What to do:
Restate the data below word for word, and let no image into your version.

Collected data:
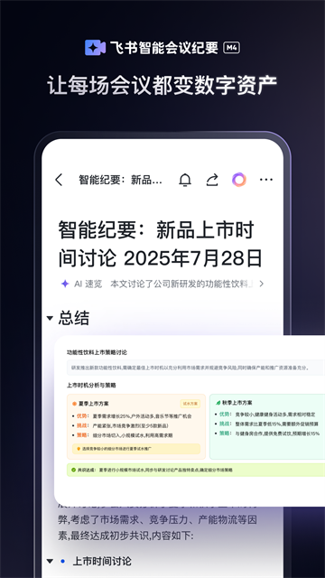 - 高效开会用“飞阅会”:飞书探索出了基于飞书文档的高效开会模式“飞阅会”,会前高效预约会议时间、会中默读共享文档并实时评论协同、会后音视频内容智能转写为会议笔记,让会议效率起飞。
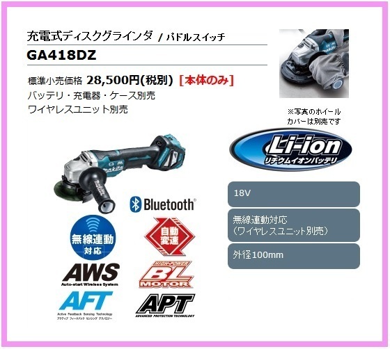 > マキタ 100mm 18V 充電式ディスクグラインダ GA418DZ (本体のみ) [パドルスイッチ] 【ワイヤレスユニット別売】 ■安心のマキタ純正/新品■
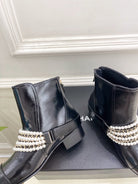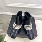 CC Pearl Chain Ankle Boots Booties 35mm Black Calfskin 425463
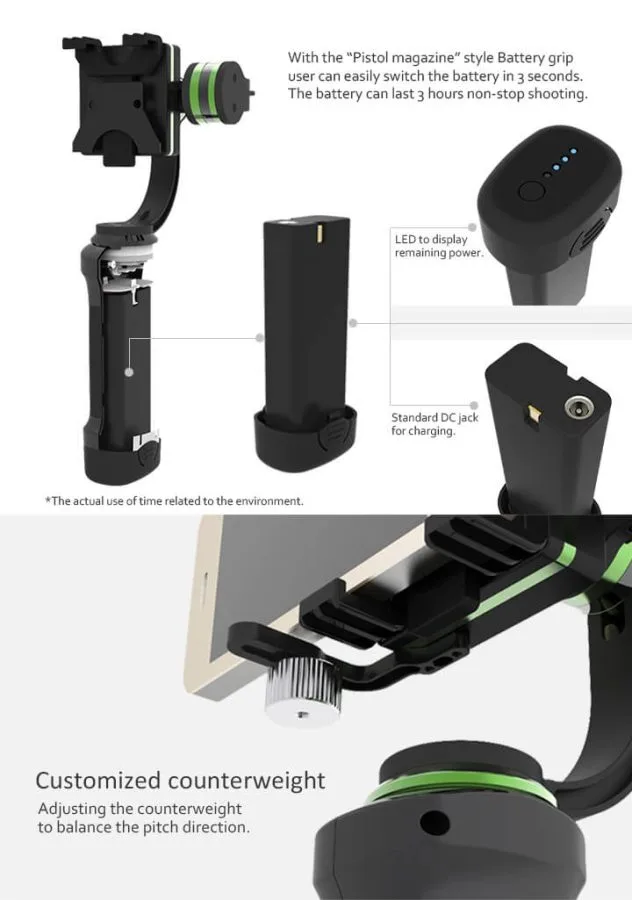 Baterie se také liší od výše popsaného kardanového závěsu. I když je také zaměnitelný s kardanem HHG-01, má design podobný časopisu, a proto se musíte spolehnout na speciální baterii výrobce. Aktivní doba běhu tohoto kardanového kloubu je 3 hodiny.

Response to the task:
 - 高效开会用“飞阅会”:飞书探索出了基于飞书文档的高效开会模式“飞阅会”,会前高效预约会议时间、会中默读共享文档并实时评论协同、会后音视频内容智能转写为会议笔记,让会议效率起飞。
 > マキタ 100mm 18V 充電式ディスクグラインダ GA418DZ (本体のみ) [パドルスイッチ] 【ワイヤレスユニット別売】 ■安心のマキタ純正/新品■
 CC Pearl Chain Ankle Boots Booties 35mm Black Calfskin 425463
 Baterie se také liší od výše popsaného kardanového závěsu. I když je také zaměnitelný s kardanem HHG-01, má design podobný časopisu, a proto se musíte spolehnout na speciální baterii výrobce. Aktivní doba běhu tohoto kardanového kloubu je 3 hodiny.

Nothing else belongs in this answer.